# Guy sinks kayak! Terrifying!!!



## aquatic argobull (Mar 2, 2009)

https://www.youtube.com/watch?v=N3WeXGmqYsE


Ok maybe more funny than terrifying. I have a feeling this video will be around for a while.


----------



## Mike Moore (Feb 10, 2010)

That was posted on here about 2 weeks ago. I had almost cleared it from my memory. Thanks a lot!


----------



## TeaSea (Sep 28, 2013)

there needs to be a John Wayne channel with continuous loops of the movies the Duke made and 'some' people need to be forced to sit and watch at least 4 hours a week. just sayin':yes:


----------



## afishanado (Oct 26, 2009)

Big ol' hungry gator would have made that video much more entertaining.


----------



## daniel9829 (Jan 31, 2009)

Some people should never get on the water


----------



## New2ThaSport (Apr 27, 2011)

Hahaha I told a buddy of man who can't swim flip a kayak. Was not nearly a funny but that's because he was airborne infantry. But him white knuckling the kayak look just like this kid lol.


----------



## Bravo87 (Jun 19, 2014)

Haha oh man thanks for the laugh!


----------



## Blake R. (Mar 17, 2009)

Someone's got some sugar in the tank.

Which is fine, until said sugar melts in the water.


----------



## TeaSea (Sep 28, 2013)

Blake R. said:


> Someone's got some sugar in the tank.
> 
> Which is fine, until said sugar melts in the water.

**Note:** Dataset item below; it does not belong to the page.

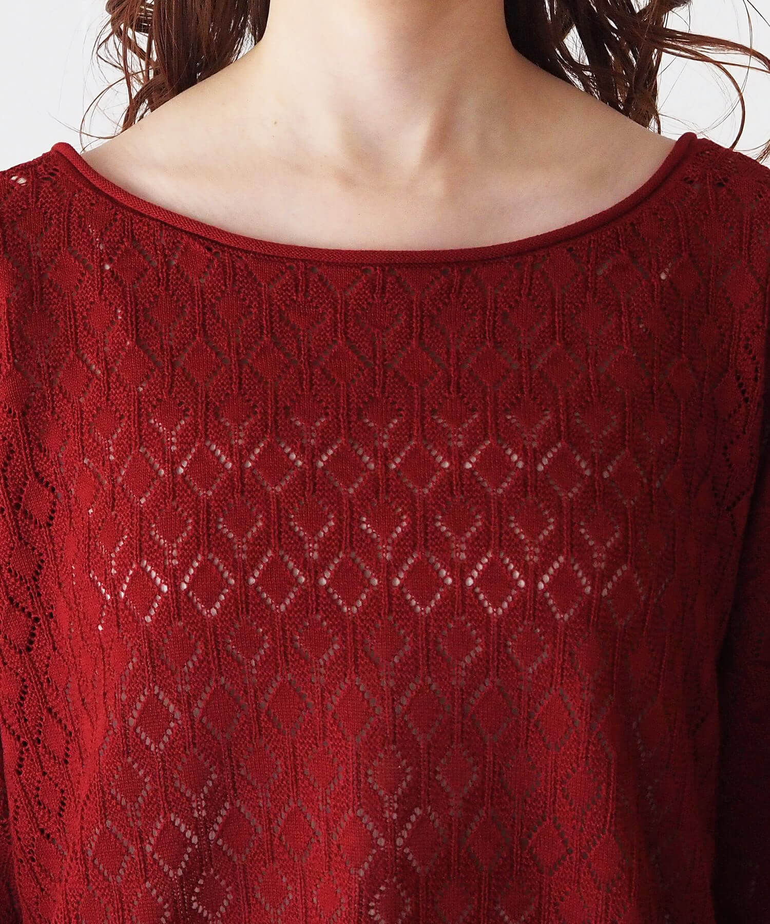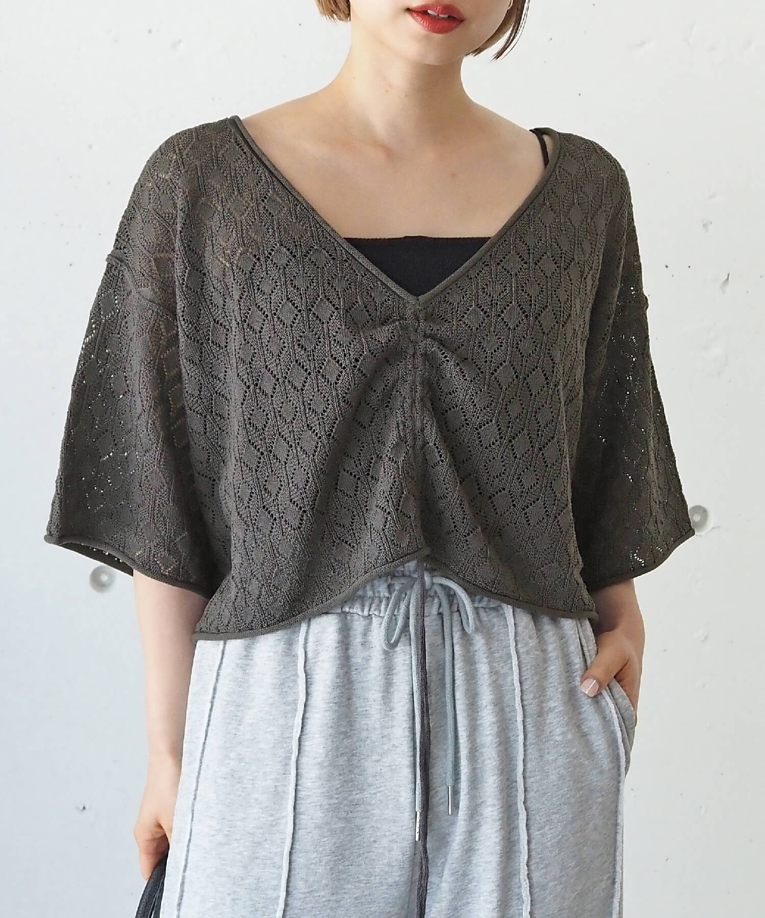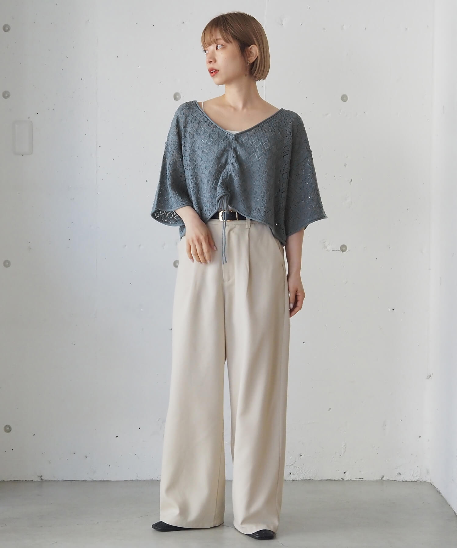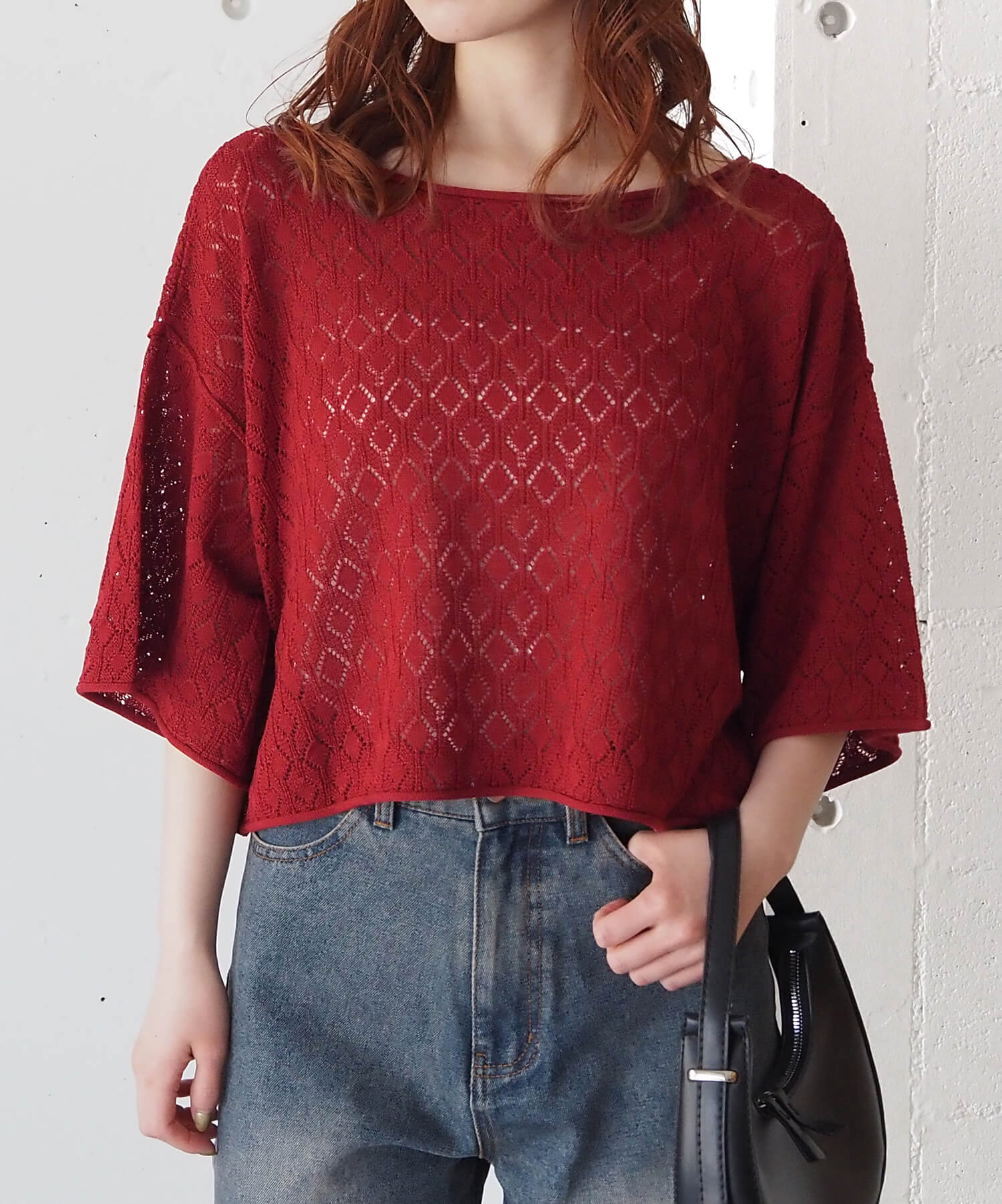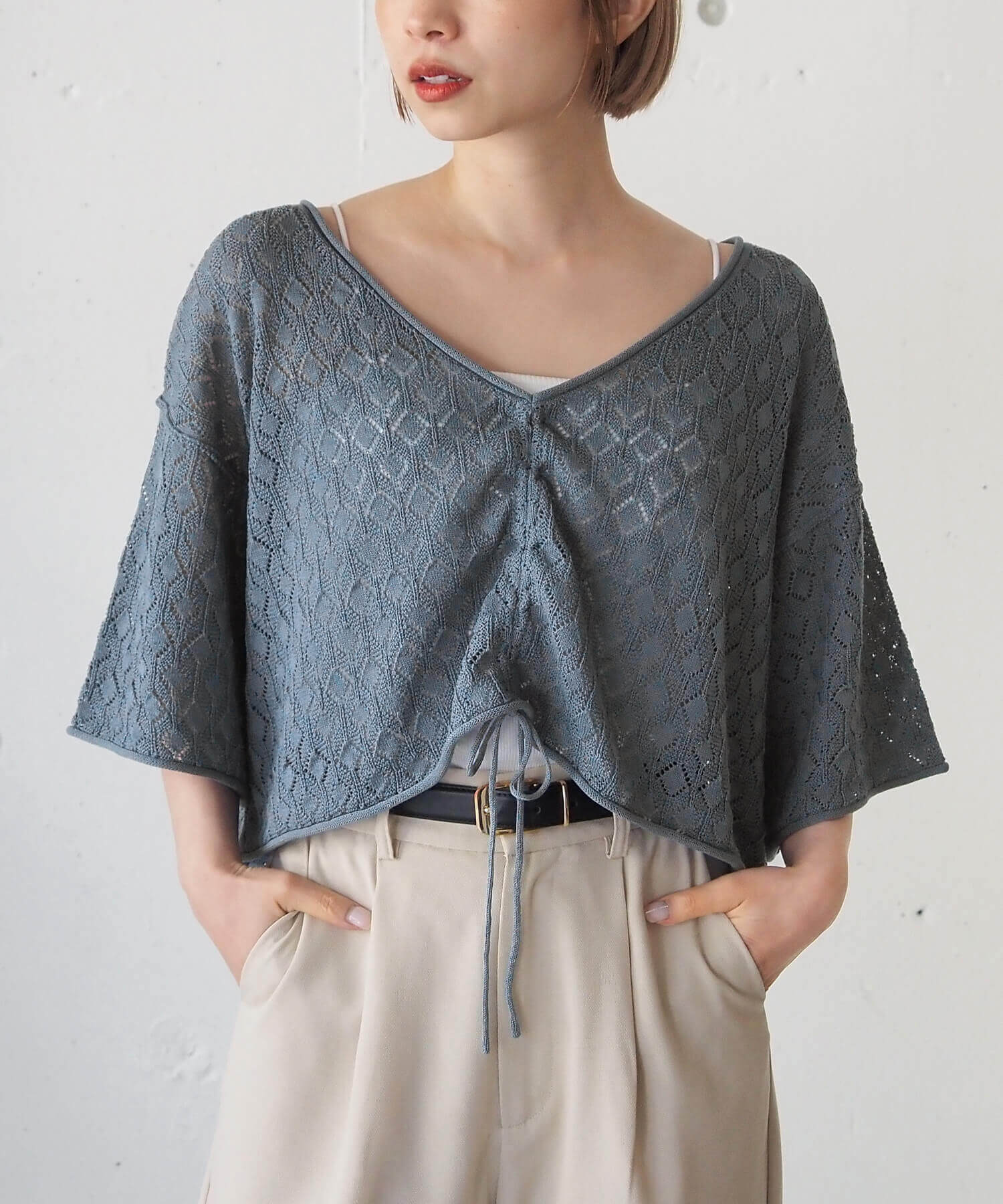・旬のドロストデザインとシンプルなクルーネックの前後2wayで着用できるシアーニットです。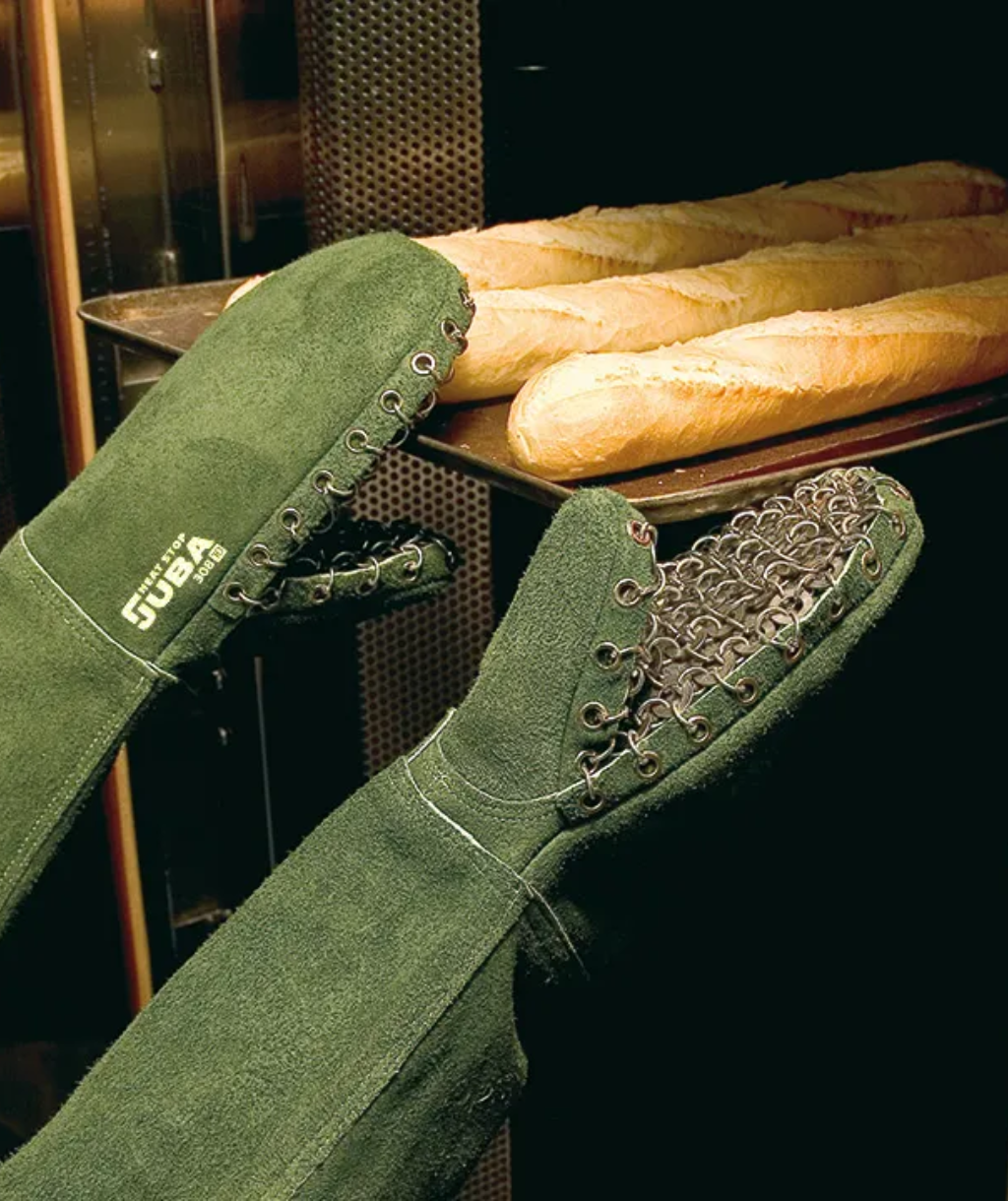 Estos guantes JUBA 308 de serraje ignífugo con anillas metálicas se caracterizan por su una óptima resistencia al calor por contacto (500ºC durante 15s). Cuenta con un forro interior en la palma de Nomex para una alta resistencia al calor. Su uso está recomendado para hornos, manipulación intermitente de objetos calientes hasta 500ºC y panaderías. 4 unidades disponibles T.10.

Yep. Hard to paddle with that 'wrist problem'.


----------



## Yakavelli (Mar 17, 2010)

Wow...just...wow lol


----------



## Rickpcfl (Nov 12, 2013)

I think he needs to stay where he is more comfortable - most likely the mall. Someone failed that poor guy when raising him.


----------



## Bluediemond (Apr 28, 2009)

daniel9829 said:


> Some people should never get on the water


Too bad his parents met...


----------